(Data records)
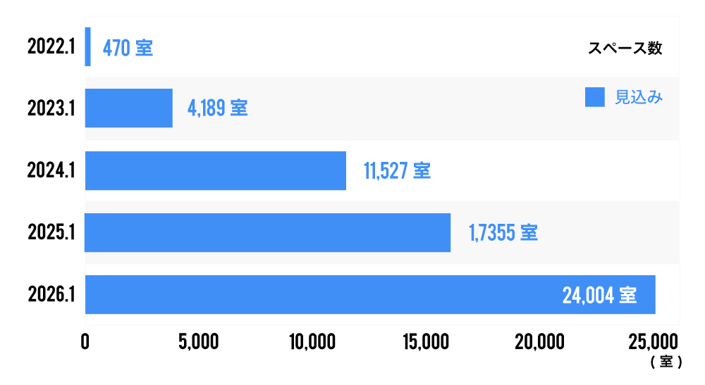 1拠点に1部屋ではなく、1拠点につき複数の部屋が確保されており、ニーズに合わせて1部屋から複数の部屋を提供して需給のバランスを調整していきます。
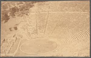 Depicts the ruins of a theatre. Handwritten caption: “Epidourios MABH”
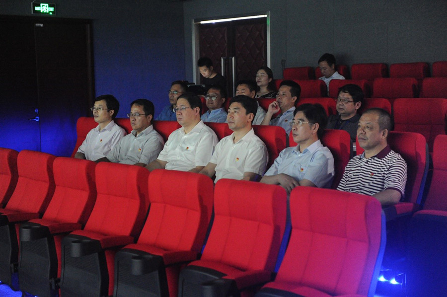 白松濤一行在二樓紅色影院觀看桂林黨建宣傳片
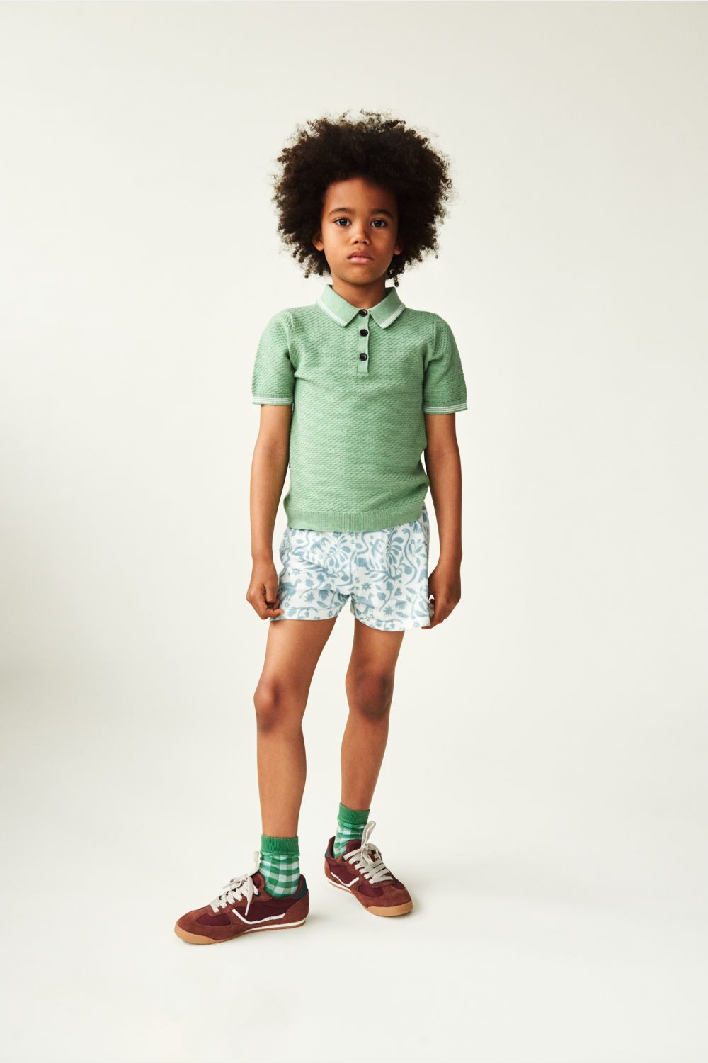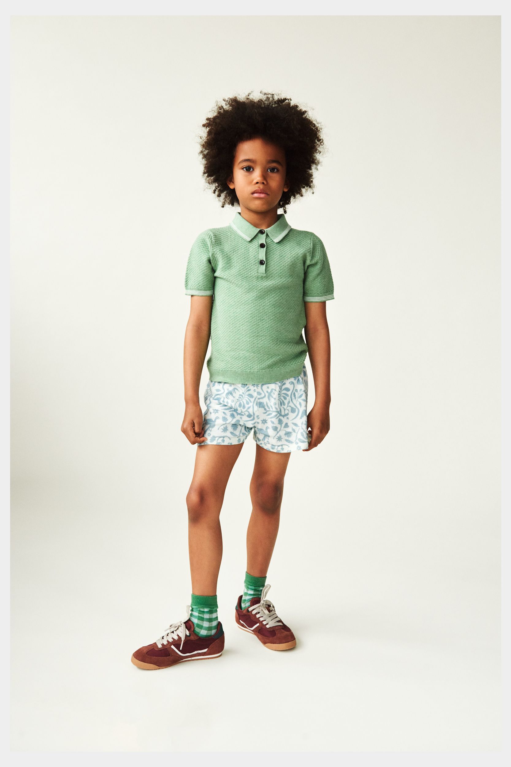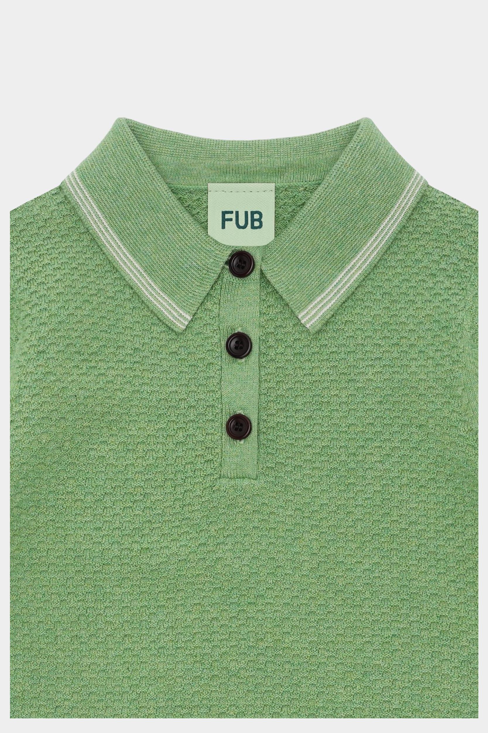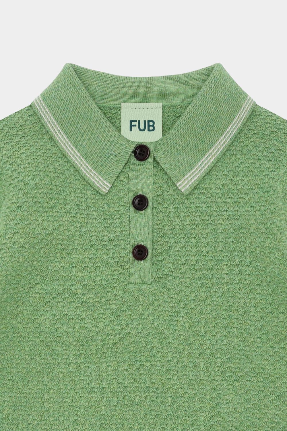 Denne kortærmede polo er strikket i en grafisk piquestruktur. Den har krave med kontrastfarvede striber, frontlukning med knapper af corozonød og stribede ribkanter. Poloen har en almindelig pasform og er lavet af økologisk bomuld.
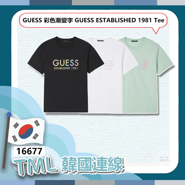 韓國 GUESS 彩色漸變字 GUESS ESTABLISHED 1981 Tee (MN2K9431)【現貨 | 預計2-3星期派貨 | 20260423Z(16677.)】
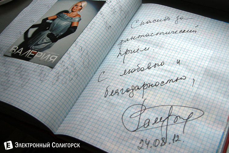 "Спасибо за фантастический прием. С любовью и благодарностью, Валерия"
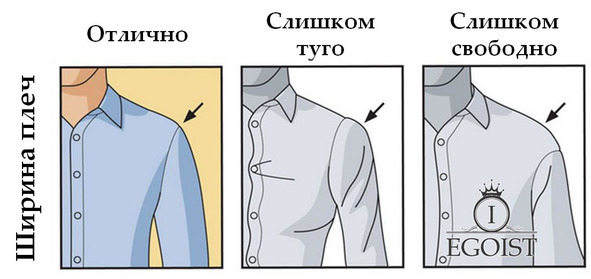 Обычно размеры рубашки отличаются сразу в двух измерениях – воротник и рукав. Это облегчает подбор рубашки к костюму. Критерий подходящего размера тот же, что у футболки и поло – шов посередине плеча. Что касается воротника – при правильном размере он легко застёгивается, ткань не пузырится, рубашка не натягивается и не висит. При ношении с пиджаком воротник рубашки должен слегка, на несколько см, торчать из-под воротника пиджака.
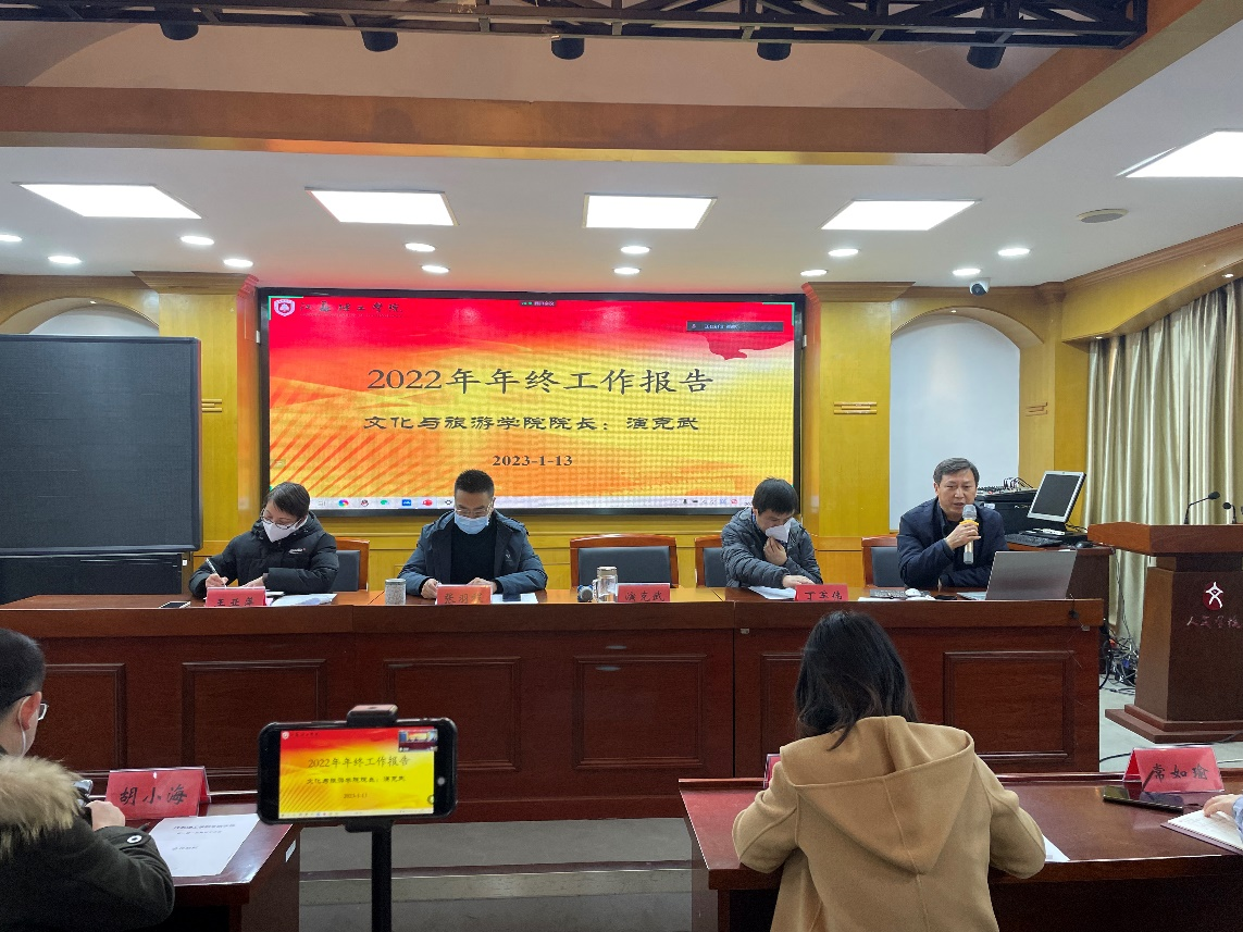 院长演克武作了《2022年工作报告》,报告主要从工作目标完成情况、高质量发展完成情况、存在的问题、改进的方法等方面对学院一年来的工作进行了全面总结,并就改进的方法及未来工作计划(如“六一工程”、“三成”目标)进行了展望。
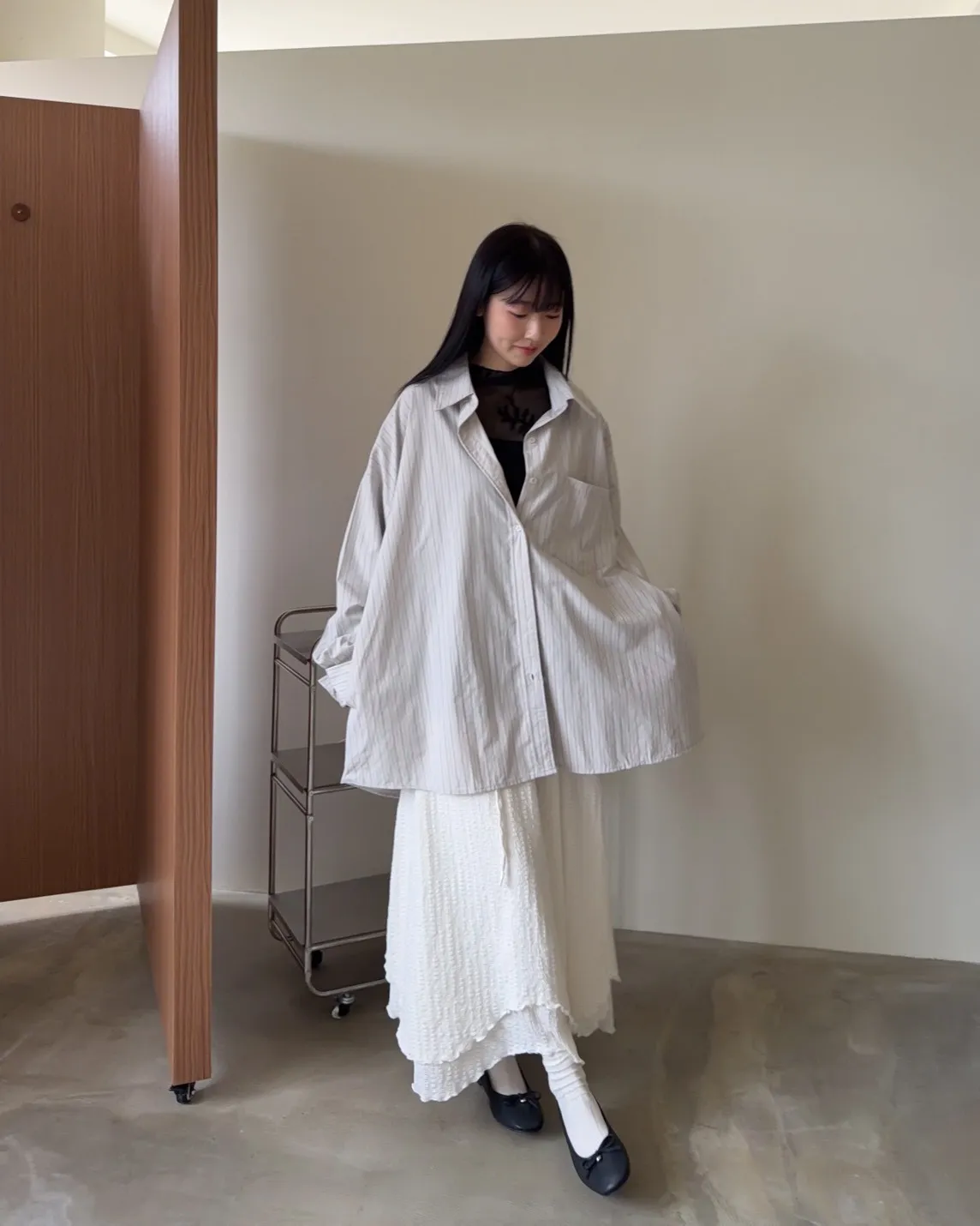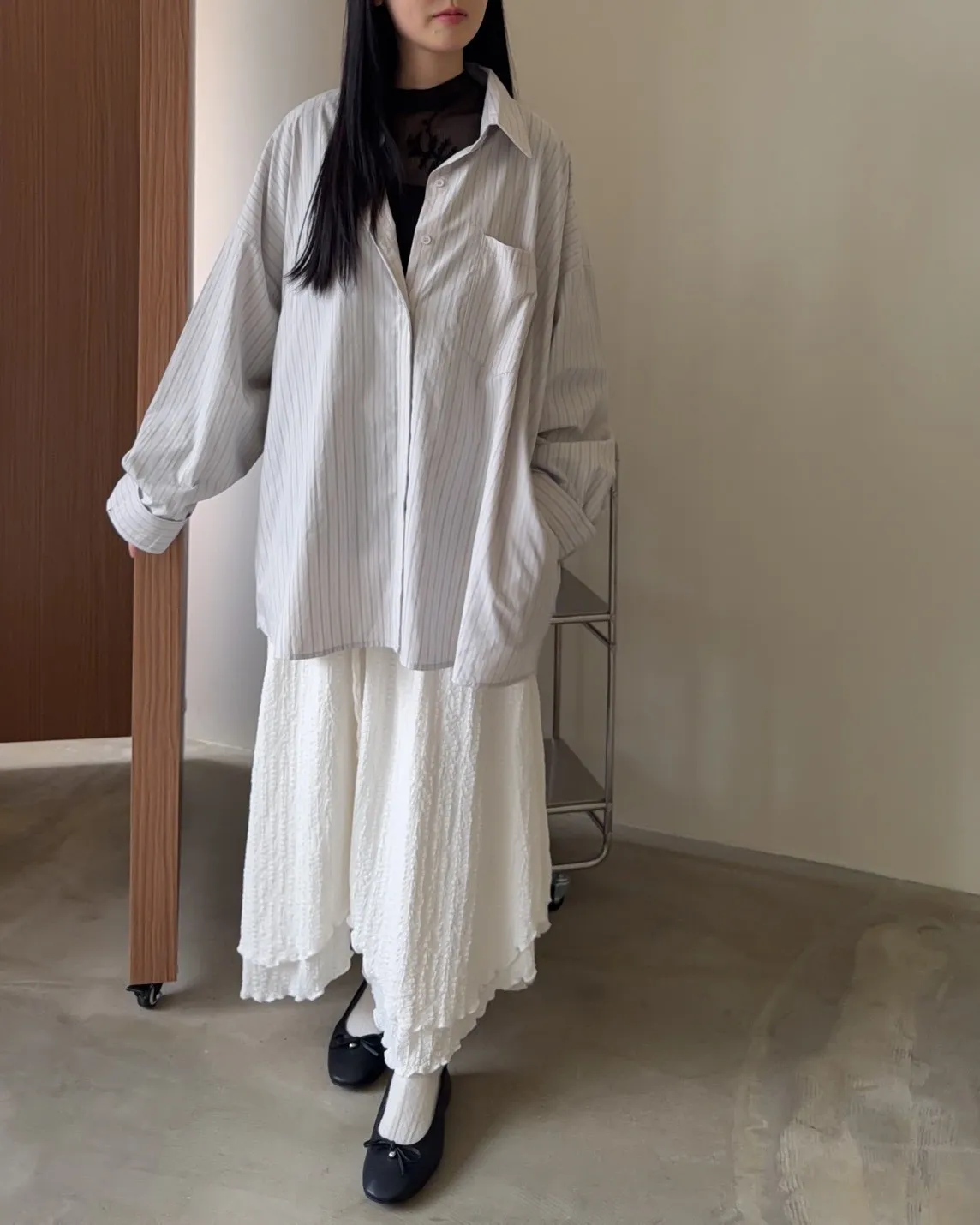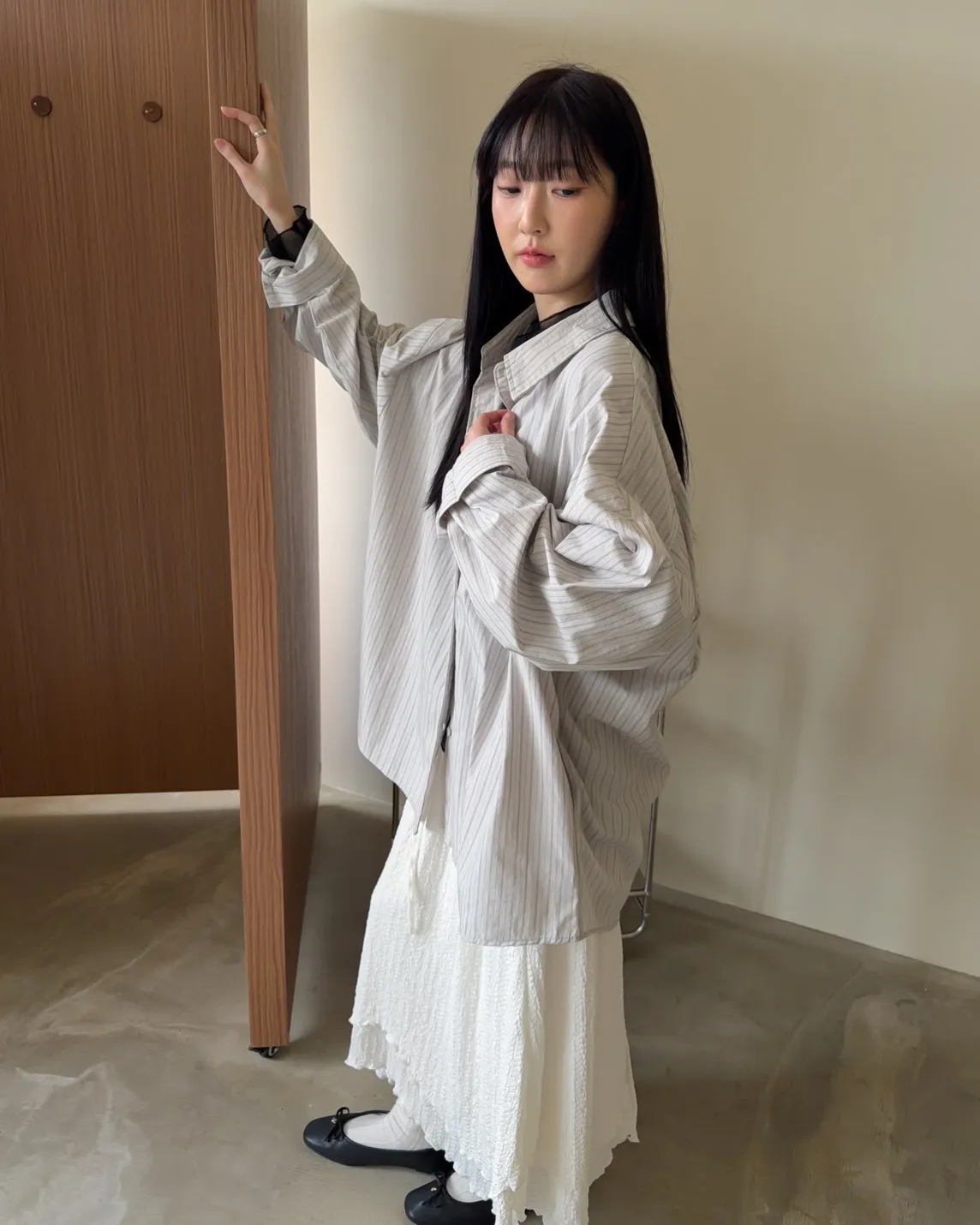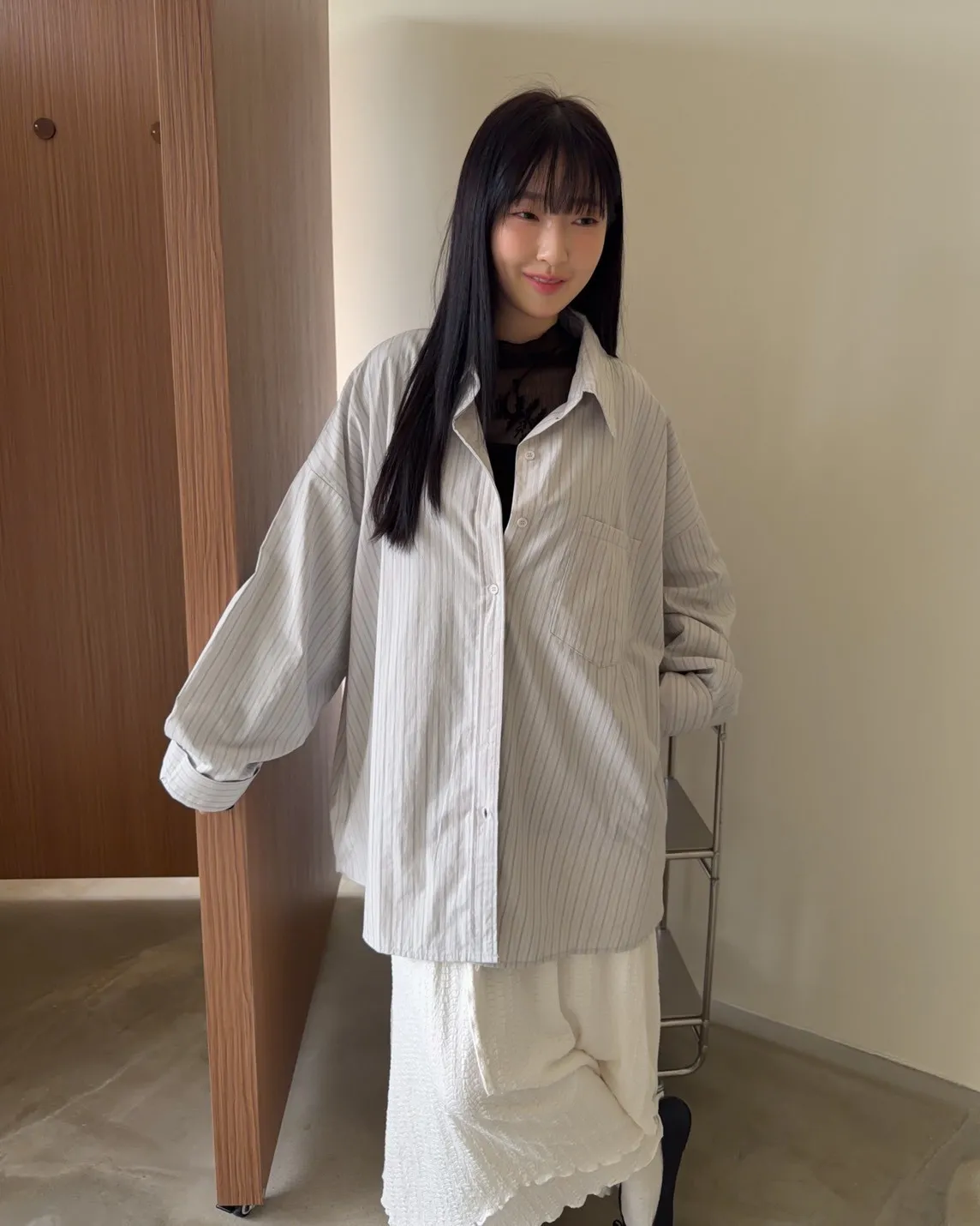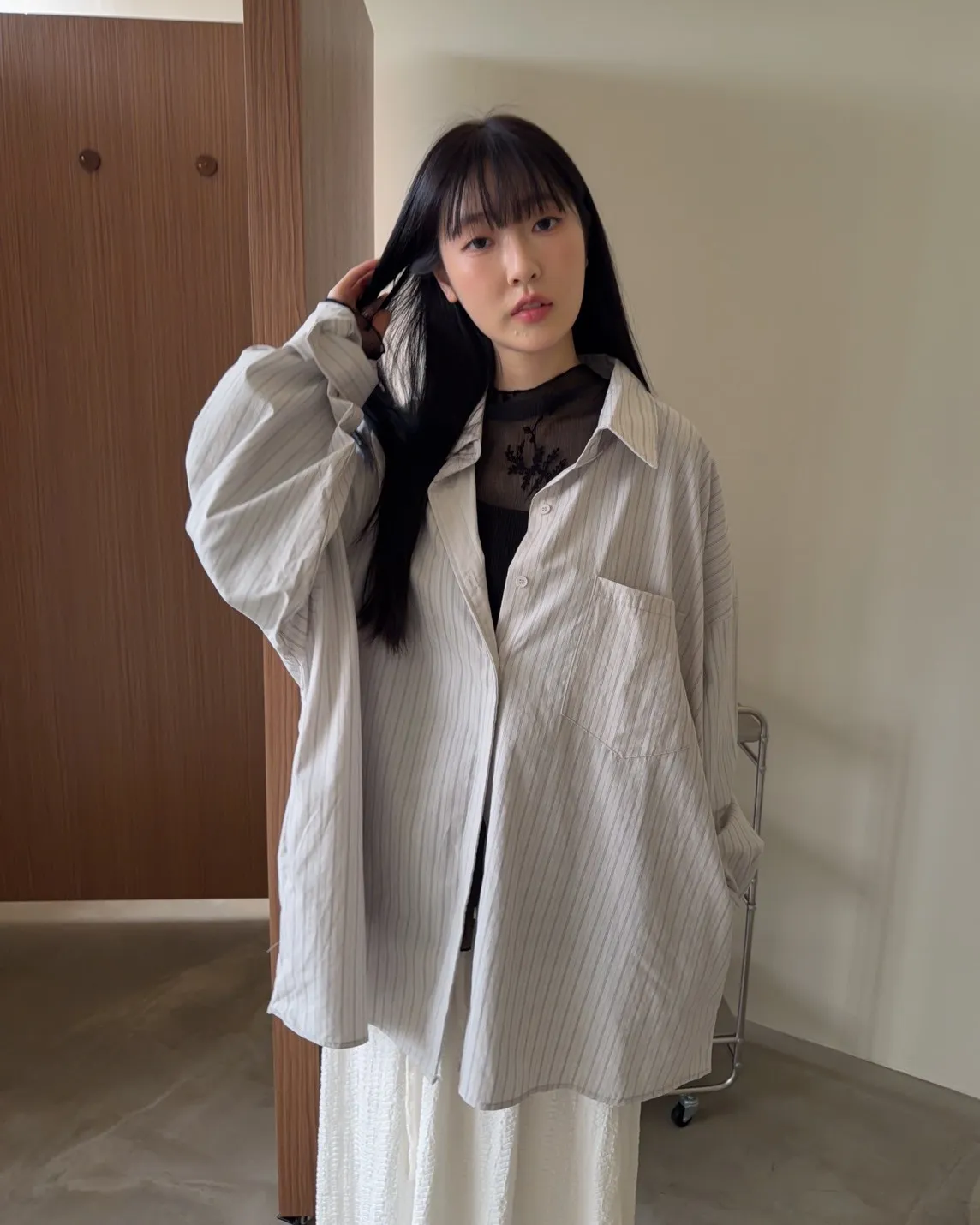 寬鬆落肩 直條紋 兩側口袋 前短後長

*DIRECTIONS FOR THIS TASK*
Write out each entry exactly as given, omitting any picture.

*RESPONSE*
 1拠点に1部屋ではなく、1拠点につき複数の部屋が確保されており、ニーズに合わせて1部屋から複数の部屋を提供して需給のバランスを調整していきます。
 Depicts the ruins of a theatre. Handwritten caption: “Epidourios MABH”
 白松濤一行在二樓紅色影院觀看桂林黨建宣傳片
 Denne kortærmede polo er strikket i en grafisk piquestruktur. Den har krave med kontrastfarvede striber, frontlukning med knapper af corozonød og stribede ribkanter. Poloen har en almindelig pasform og er lavet af økologisk bomuld.
 韓國 GUESS 彩色漸變字 GUESS ESTABLISHED 1981 Tee (MN2K9431)【現貨 | 預計2-3星期派貨 | 20260423Z(16677.)】
 "Спасибо за фантастический прием. С любовью и благодарностью, Валерия"
 Обычно размеры рубашки отличаются сразу в двух измерениях – воротник и рукав. Это облегчает подбор рубашки к костюму. Критерий подходящего размера тот же, что у футболки и поло – шов посередине плеча. Что касается воротника – при правильном размере он легко застёгивается, ткань не пузырится, рубашка не натягивается и не висит. При ношении с пиджаком воротник рубашки должен слегка, на несколько см, торчать из-под воротника пиджака.
 院长演克武作了《2022年工作报告》,报告主要从工作目标完成情况、高质量发展完成情况、存在的问题、改进的方法等方面对学院一年来的工作进行了全面总结,并就改进的方法及未来工作计划(如“六一工程”、“三成”目标)进行了展望。
 寬鬆落肩 直條紋 兩側口袋 前短後長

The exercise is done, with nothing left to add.